If any party owns more than 20% but not more than 50% of the shares in the members of an FC, the control over those members must meet the following requirements:

  • The ownership of the Holding Company and other parties in the FC must be equal; and
  • The Holding Company and other parties must exercise joint control over the members of the FC, which must be based on a written agreement and evidenced by a written agreement or commitment by the owners to provide both financial and non-financial support in proportion to their respective ownership interests.

Prohibitions on cross-ownership

Members of an FC are prohibited from:

  • becoming shareholders in either an operating FC Holding Company or a non-Operating FC Holding Company; and/or
  • holding shares in another member of the same FC.

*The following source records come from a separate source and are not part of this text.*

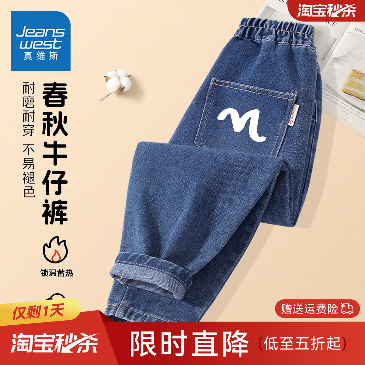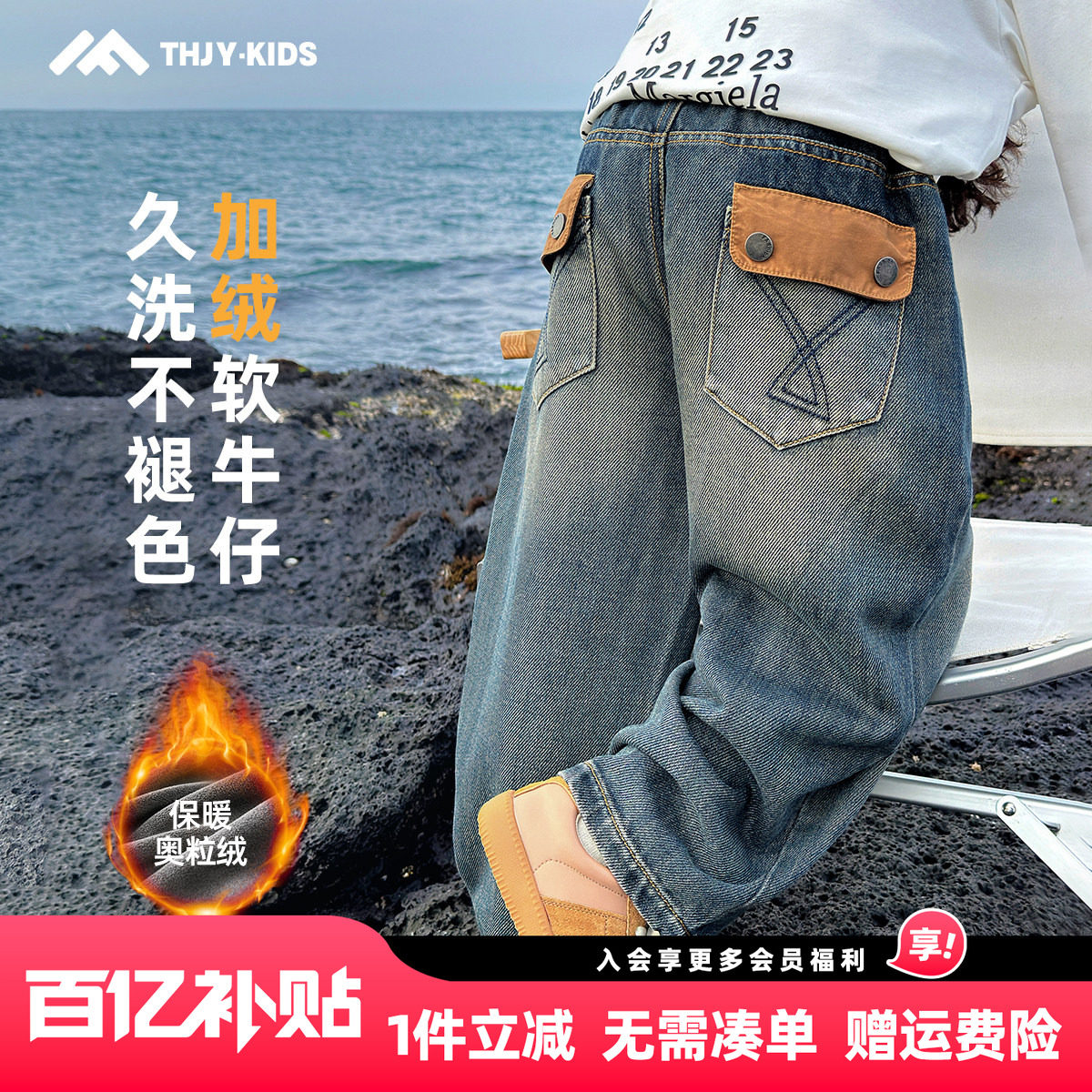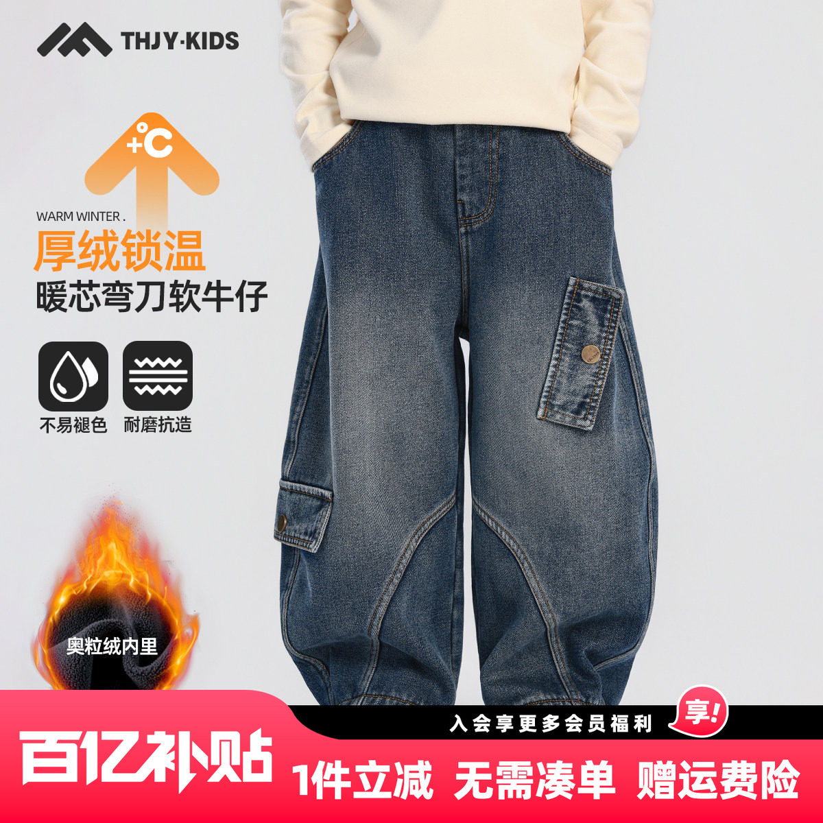 - 冬加绒牛仔裤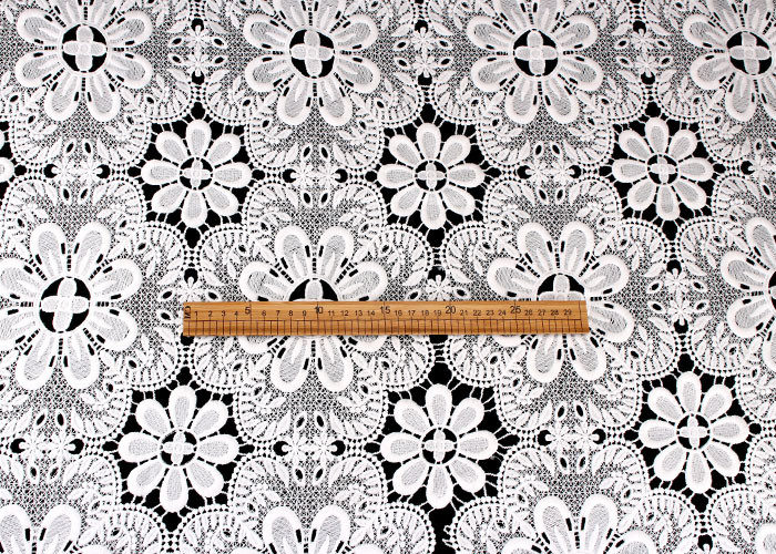 tela de encaje de algodón con flores bordadas de guipur teñida sin azo color DTM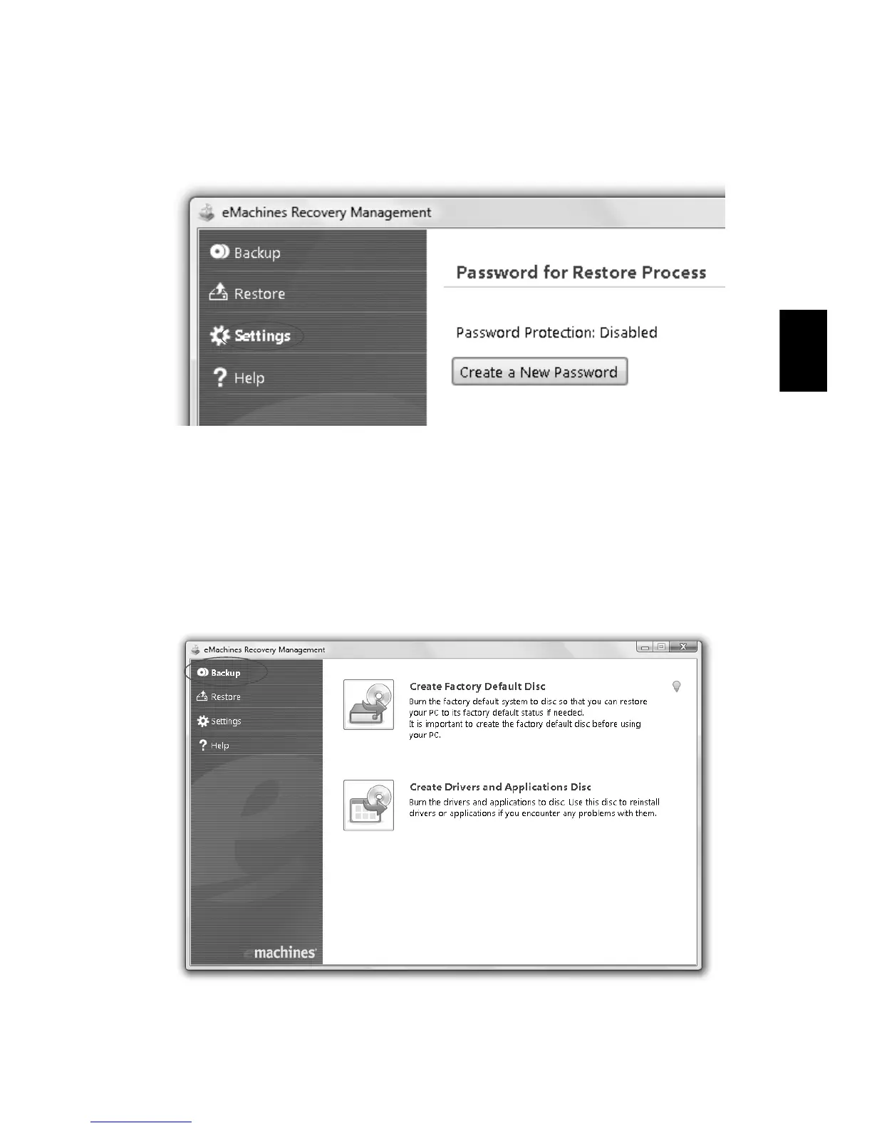 slaptažodį nustatyti galite paleidę „eMachines Recovery Management“ ir paspaudę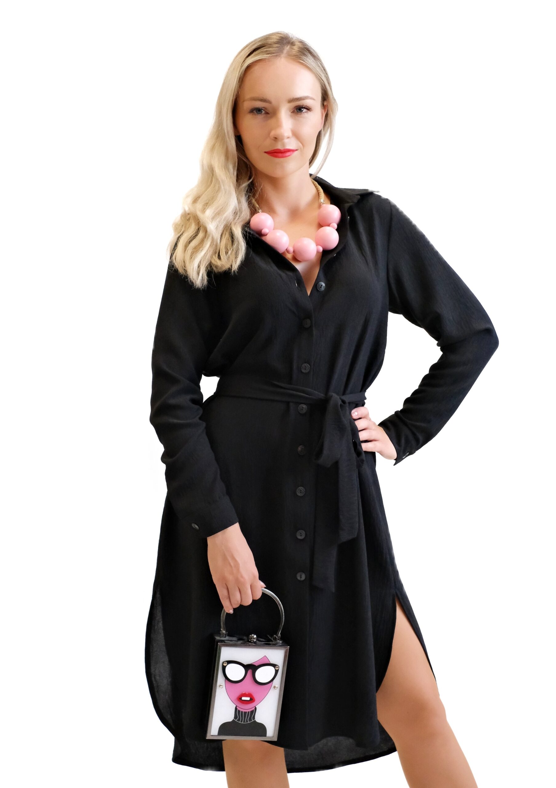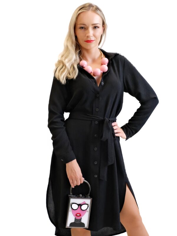 Šaty sú navrhnuté v jednoduchom rovnom košeľovom strihu. Šaty majú prestrihy na bokoch, čo im dodáva na vzdušnosti. Šaty majú na chrbotvej časti výraznú výšivku, ktorá im dodáva šmrnc. Šaty sú ušité z ľahkého a nekrčivého materiálu. Kombinujte s bielymi doplnkami pre zvýraznenie detailov na vyšívke.

A member of an FC is not prohibited from holding shares in another member of the same FC under the following conditions:

  • A member of an FC may hold a minority interest in another member of an FC. For example, if Holding Company X has two subsidiaries, Bank ABC and Insurance Company CDE, Bank ABC may own a minority interest in Insurance Company CDE, or vice versa. However, Bank ABC and Insurance Company CDE may not hold shares in each other, even as minority shareholders; and/or
  • A member of an FC may hold shares in another member of the same FC if they are in a parent/subsidiary relationship. For example, if Bank ABC (a subsidiary of Holding Company X) has a subsidiary, Small Business Bank FGH, Holding Company X may own shares in Small Business Bank FGH. However, Small Business Bank FGH may not become a shareholder in Bank ABC and/or the Holding Company.

These exceptions are subject to compliance with the provisions of the Limited Liability Company Law.

Transitional policies

The fit and proper test assessment and the reassessment of key stakeholders in relation to non-operating Holding Companies shall be conducted in accordance with the relevant OJK regulation as applicable to the banking sector, until specific OJK regulations for such companies are issued.